Reid R L, Quigley M E, Yen S S
J Clin Endocrinol Metab. 1983 Dec;57(6):1107-10. doi: 10.1210/jcem-57-6-1107.
In postmenopausal women, the administration of beta-endorphin in repeated pulses (1-2.5 mg) at 1- to 2-h intervals or constant infusion (1 mg/h) for 3-6 h elicited the prompt release of PRL without concomitant change in LH levels. Infusion of an opiate receptor antagonist, naloxone (1.6 mg/h), for 6-7 h also had no effect on LH levels. Since substantial evidence indicates that endogneous opioid peptides exert an inhibitory role on GnRH-LH secretion and that the functional activity of opiate receptors appears to be ovarian steroid dependent, the present observation suggests that the hypersecretion of gonadotropin in the absence of ovarian steroid feedback may, in part, be causally related to a reduced opioid inhibition of GnRH-LH release.

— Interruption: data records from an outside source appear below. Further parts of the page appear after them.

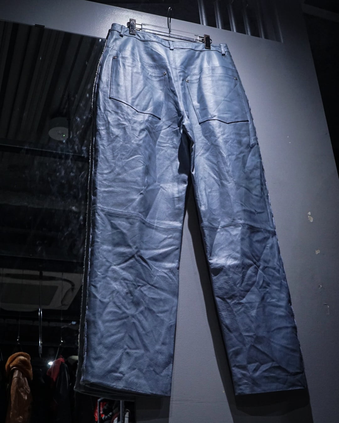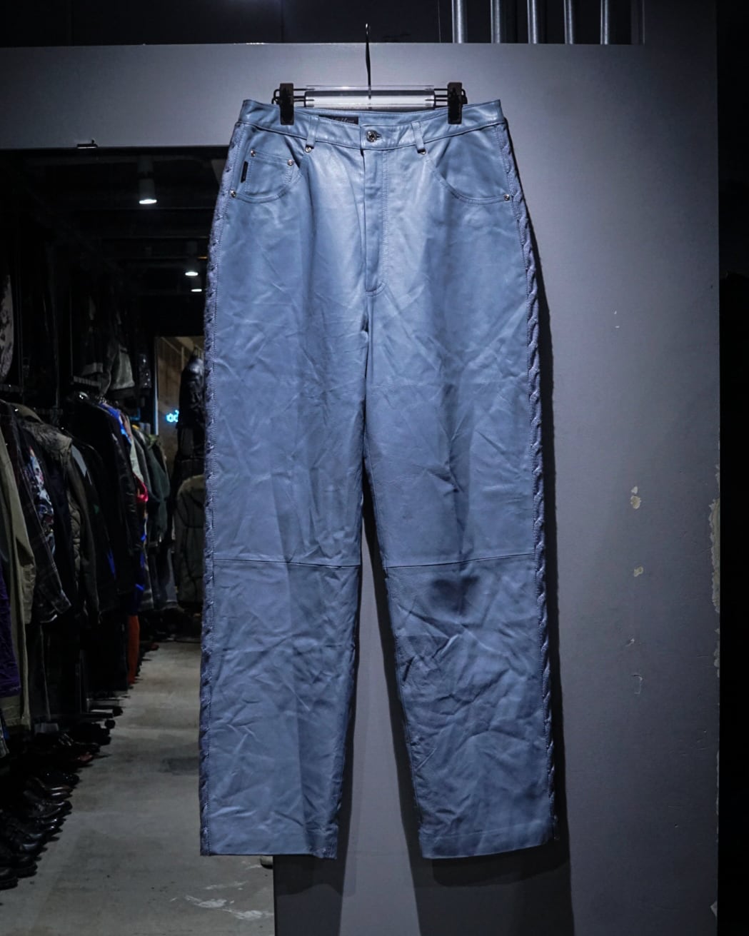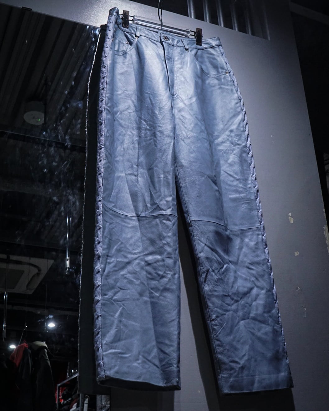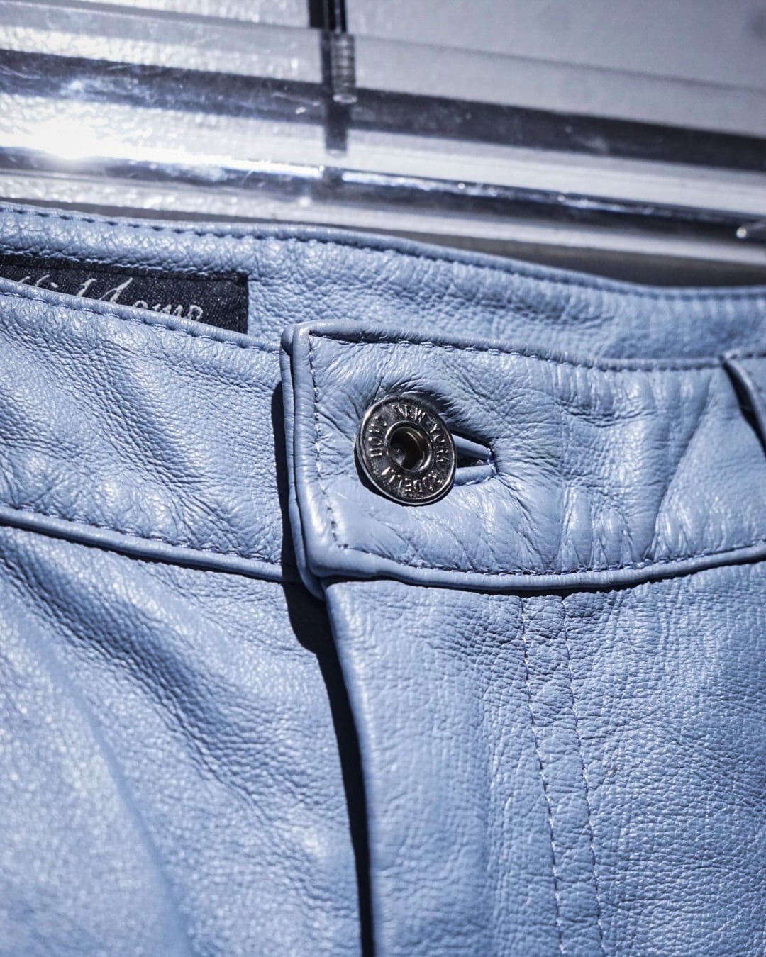 ボディにはしなやかで柔らかさのあるレザーを使用。淡いブルートーンの色味も相まって、レザーパンツながら重くなりすぎない印象に仕上がっています。
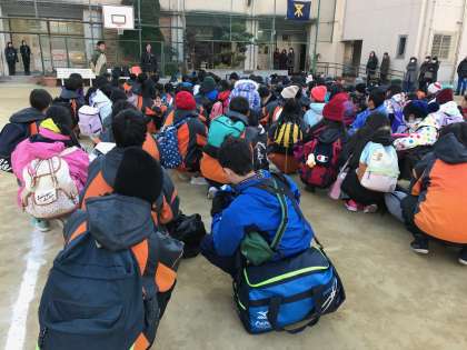 寒い朝となりましたが、6年生が六甲人口スキー場に出発しました。
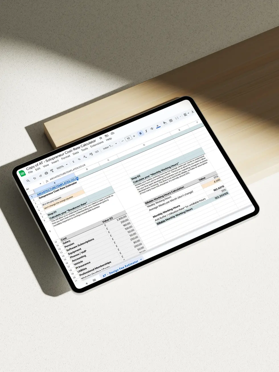 This comprehensive freelance fee calculator covers every aspect of your finances, from expenses to profit margins, ensuring you’re fully informed and ready to create fee proposals that build client trust. Perfect for architects, interior designers, and other solo professionals, this tool is an invaluable asset for accurate rate-setting.
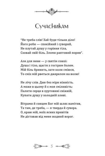 Поезії Олени Теліги – це енергія життєствердження, оптимізму й натхнення. Бути сильною, сховати біль, віддати перевагу дзвінкому сміху – така прерогатива ліричної героїні. Завжди можна знайти приводи для радості, яка втілюється у метафоричному образі безжурного вітрогона-хлопчини. Твори поетеси символічні, для них характерним є багатий асоціативний ряд та метафорика.
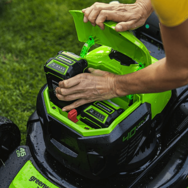 - Газонокосилка имеет один отсек питающего аккумулятора и дополнительный отсек для хранения запасного аккумулятора. Когда основной аккумулятор разряжается, вам не нужно идти за новым — достаточно просто поменять аккумуляторы местами.
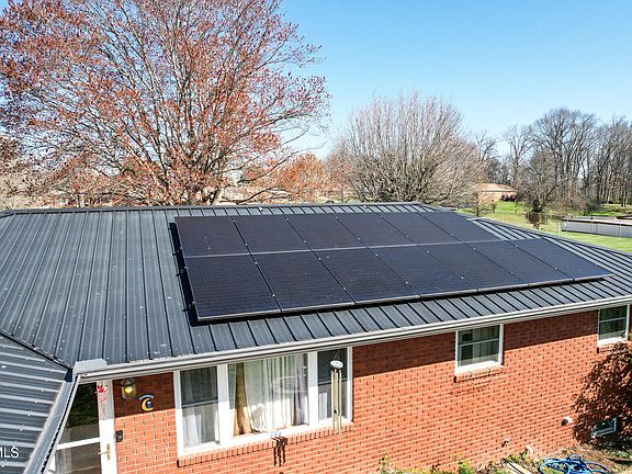 Come check out this great brick home with a newer roof, gutters and hvac, also featuring solar! Three bedrooms on the main level, one in the lower finished basement with its own closet and full bathroom, that was used as a primary suite. Also in the basement area is another huge room for an office, bonus space, playroom, or make it another bedroom. Basement access from inside or outside. Super cute yard, well maintained! Great little storage building out back, perfect for a business or office, insulated with power, 12ftx20 ft with a covered patio area.

在绝经后女性中,以1至2小时的间隔重复脉冲式给予β-内啡肽(1 - 2.5毫克)或持续输注(1毫克/小时)3至6小时,可促使催乳素迅速释放,而促黄体生成素(LH)水平无相应变化。输注阿片受体拮抗剂纳洛酮(1.6毫克/小时)6至7小时对LH水平也无影响。由于大量证据表明内源性阿片肽对促性腺激素释放激素(GnRH)-LH分泌发挥抑制作用,且阿片受体的功能活性似乎依赖于卵巢甾体激素,目前的观察结果提示,在缺乏卵巢甾体激素反馈的情况下促性腺激素分泌过多可能部分与阿片类物质对GnRH-LH释放的抑制作用减弱存在因果关系。